Unnamed: 0,hospitalid,numbedscategory,teachingstatus,region,n
0,56,<100,False,Midwest,325
1,58,100 - 249,False,Midwest,321
2,59,<100,False,Midwest,854
3,60,<100,False,Midwest,458
4,61,<100,False,Midwest,233


In [5]:
print('{} hospitals have 0 admissions.'.format(df.loc[df['n']==0,'hospitalid'].nunique()))
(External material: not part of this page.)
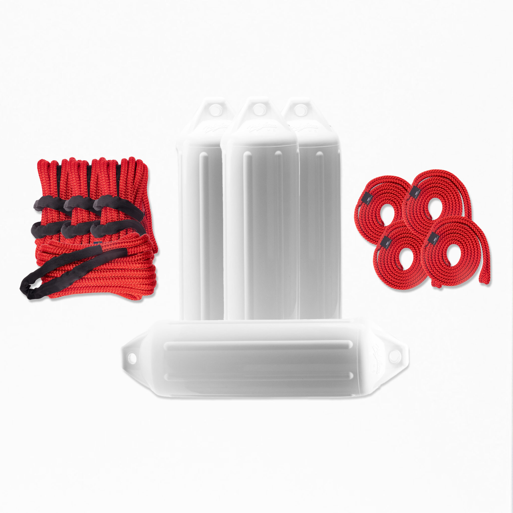 Festmacher-Set – weißen Fendern von Polyform US und roten Seilen von PolyRopes

0 hospitals have 0 admissions.


## Data completion among hospitals with admissions

First impute 'missing' so that our groupby reports on the number of hospitals with missing data. Also, we define a convenience function for reporting the absolute count and percent of the total.

In [19]:
def count_with_percent(x, N):
    return '{:3d} ({:5.2f}%)'.format(x.count(), x.count()*100.0/N)

In [20]:
for c in ['region','numbedscategory','teachingstatus','region']:
    # df[c].fillna('Missing',inplace=True)
    df[c]= df[c].fillna('Missing')

In [28]:
idx = df['n']!=0
N = np.sum(idx)

for c in ['region','numbedscategory','teachingstatus']:
    grp = df.loc[idx, :].groupby(c)['hospitalid']
    
    print('')
    print(grp.apply(count_with_percent, N))


region
Midwest       70 (33.65%)
Northeast     13 ( 6.25%)
South         56 (26.92%)
West          43 (20.67%)
Name: hospitalid, dtype: object

numbedscategory
100 - 249     62 (29.81%)
250 - 499     35 (16.83%)
<100          46 (22.12%)
>= 500        23 (11.06%)
Name: hospitalid, dtype: object

teachingstatus
False    189 (90.87%)
True      19 ( 9.13%)
Name: hospitalid, dtype: object


Above we can see that the frequency of missing data ranges between 11-18% in the hospital table.